[WHAT YOU HAVE TO DO]
A verbatim copy of all the data is required, minus any images.

[MATERIALS PROVIDED]
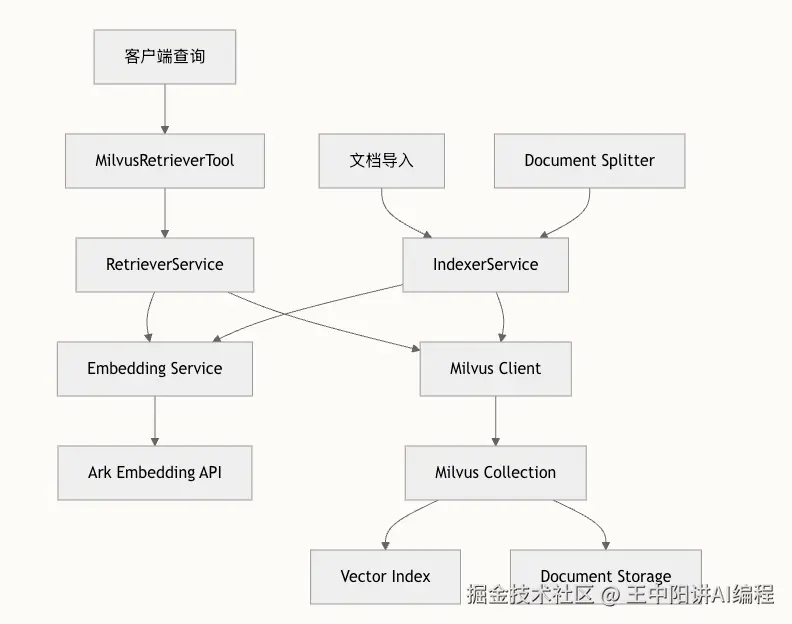 单纯的 Agent 容易产生幻觉。为了保证面试题的专业性,我们引入 Milvus 做知识库。 这里分享一个生产级 RAG 的关键点:混合检索。
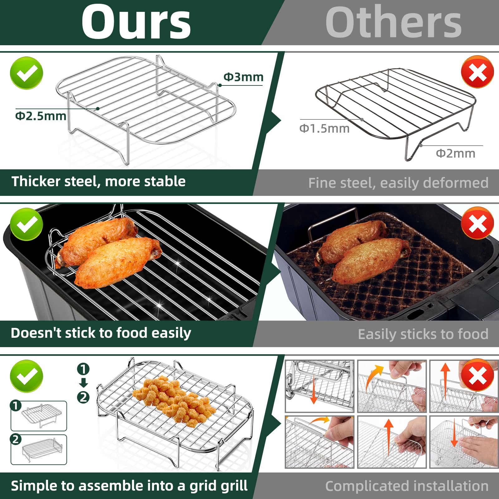 Mach aus deiner Heißluftfritteuse eine echte Multifunktions-Küchenmaschine! Dieses geniale Zubehör-Set besteht aus einem doppelstöckigen Spieß und Backblech aus hochwertigem 304 Edelstahl. Das bedeutet: Du kannst viel mehr Essen auf einmal zubereiten - super praktisch wenn Besuch kommt oder die Familie hungrig ist. Der Edelstahl ist rostfrei, sicher und super langlebig. Die Antihaft-Beschichtung macht das Reinigen zum Kinderspiel und ist spülmaschinenfest. Passt perfekt zu Philips Airfryer Modellen wie HD9225, HD9920, HD9231 und vielen mehr. Aber das ist noch nicht alles: Du kannst das Set auch für deinen Grill oder Bräter im Freien verwenden! Ob Fleischspieße, Gemüse, Snacks oder Backwaren - mit diesem Zubehör wird deine Heißluftfritteuse noch vielseitiger. Einfach einsetzen und dich über knusprige, fettarme Leckereien freuen. Gesund kochen war noch nie so einfach!
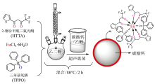 为了解决上述稀土资源利用中存在的问题, 科研人员将稀土配合物掺杂到无机材料或聚合物中形成复合荧光材料。 张洪杰[10]课题组通过溶胶-凝胶的方法制备稀土配合物和二氧化硅的复合荧光材料。 闫冰[11]课题组提出分子自组装的方法将稀土配合物自组装到介孔硅酸盐中, 这不仅节约了稀土的用量, 而且在一定程度上改善了稀土配合物的发光特性及稳定性。
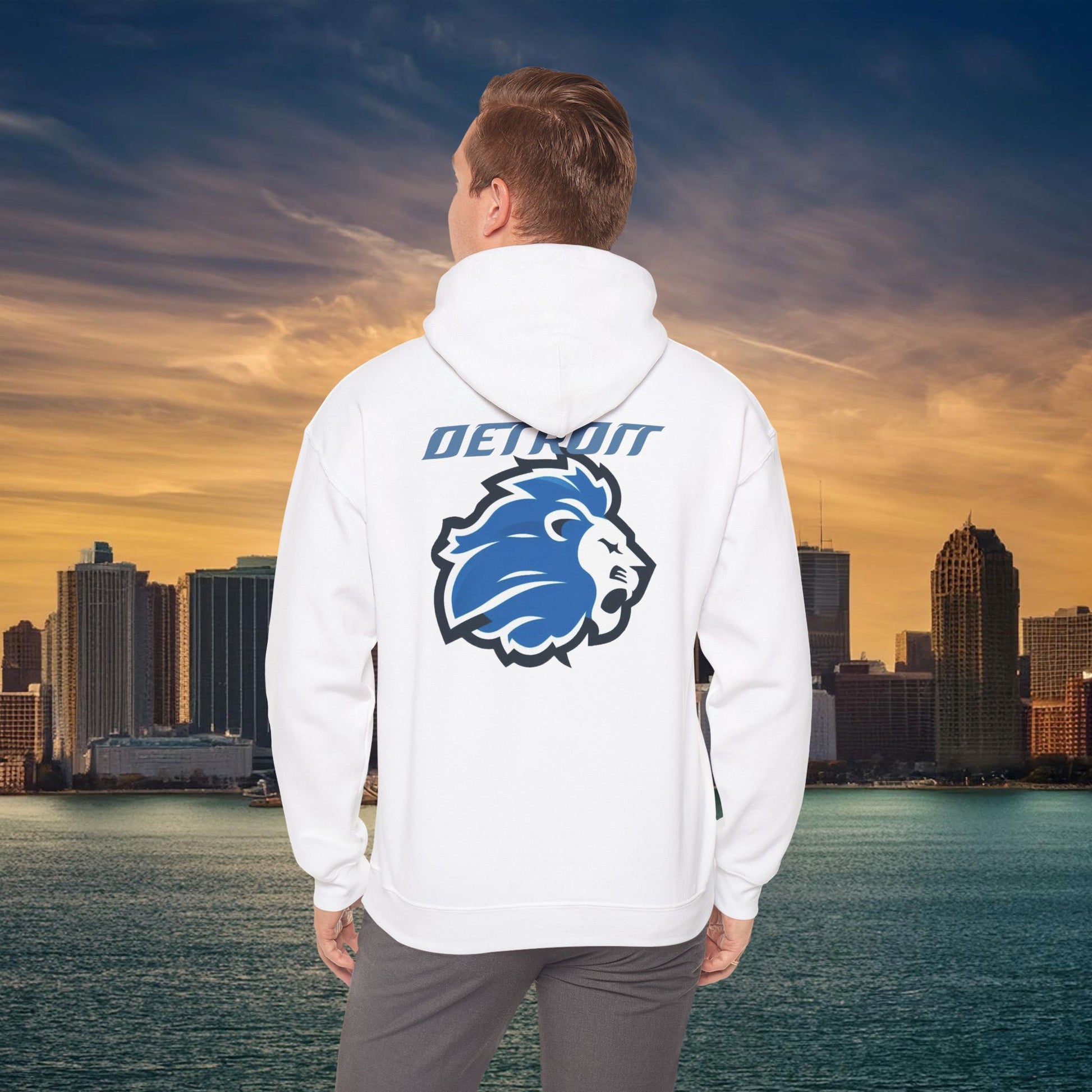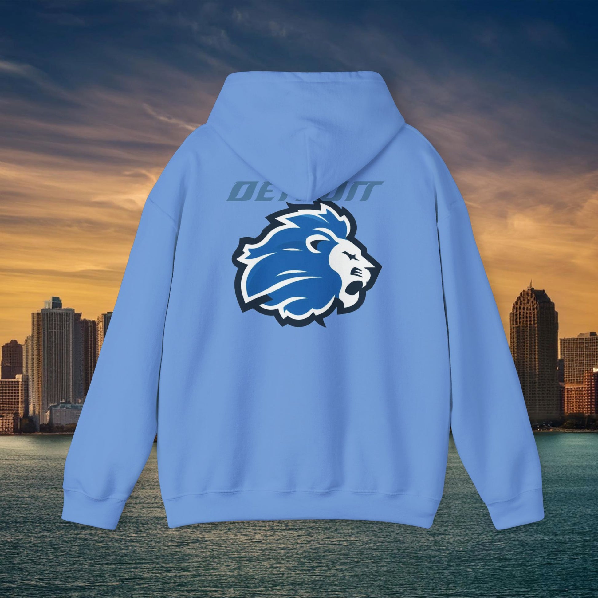 This Detroit Lions themed heavy blend hooded sweatshirt is relaxation itself. Made with a thick blend of cotton and polyester, it feels plush, soft and warm, a perfect choice for any cold day. In the front, the spacious kangaroo pocket adds daily practicality while the hood's drawstring is the same color as the base sweater for extra style points.
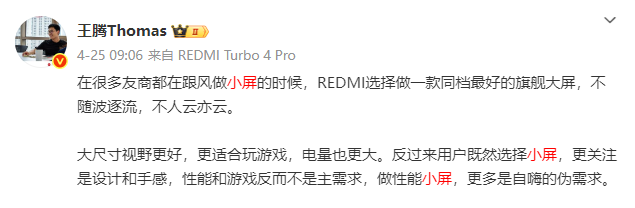 这一次隔空喊话,直接将小屏手机的话题推上了风口浪尖。根据王腾的微博,他不仅直言“友商跟风做小屏手机”,还把主打性能小屏的手机贴上了“伪需求”的标签,而Redmi坚持大屏路线,是因为大屏“视野好、续航强、更适合玩游戏”。

[COMPLETED EXERCISE]
 单纯的 Agent 容易产生幻觉。为了保证面试题的专业性,我们引入 Milvus 做知识库。 这里分享一个生产级 RAG 的关键点:混合检索。
 Mach aus deiner Heißluftfritteuse eine echte Multifunktions-Küchenmaschine! Dieses geniale Zubehör-Set besteht aus einem doppelstöckigen Spieß und Backblech aus hochwertigem 304 Edelstahl. Das bedeutet: Du kannst viel mehr Essen auf einmal zubereiten - super praktisch wenn Besuch kommt oder die Familie hungrig ist. Der Edelstahl ist rostfrei, sicher und super langlebig. Die Antihaft-Beschichtung macht das Reinigen zum Kinderspiel und ist spülmaschinenfest. Passt perfekt zu Philips Airfryer Modellen wie HD9225, HD9920, HD9231 und vielen mehr. Aber das ist noch nicht alles: Du kannst das Set auch für deinen Grill oder Bräter im Freien verwenden! Ob Fleischspieße, Gemüse, Snacks oder Backwaren - mit diesem Zubehör wird deine Heißluftfritteuse noch vielseitiger. Einfach einsetzen und dich über knusprige, fettarme Leckereien freuen. Gesund kochen war noch nie so einfach!
 为了解决上述稀土资源利用中存在的问题, 科研人员将稀土配合物掺杂到无机材料或聚合物中形成复合荧光材料。 张洪杰[10]课题组通过溶胶-凝胶的方法制备稀土配合物和二氧化硅的复合荧光材料。 闫冰[11]课题组提出分子自组装的方法将稀土配合物自组装到介孔硅酸盐中, 这不仅节约了稀土的用量, 而且在一定程度上改善了稀土配合物的发光特性及稳定性。
 This Detroit Lions themed heavy blend hooded sweatshirt is relaxation itself. Made with a thick blend of cotton and polyester, it feels plush, soft and warm, a perfect choice for any cold day. In the front, the spacious kangaroo pocket adds daily practicality while the hood's drawstring is the same color as the base sweater for extra style points.
 这一次隔空喊话,直接将小屏手机的话题推上了风口浪尖。根据王腾的微博,他不仅直言“友商跟风做小屏手机”,还把主打性能小屏的手机贴上了“伪需求”的标签,而Redmi坚持大屏路线,是因为大屏“视野好、续航强、更适合玩游戏”。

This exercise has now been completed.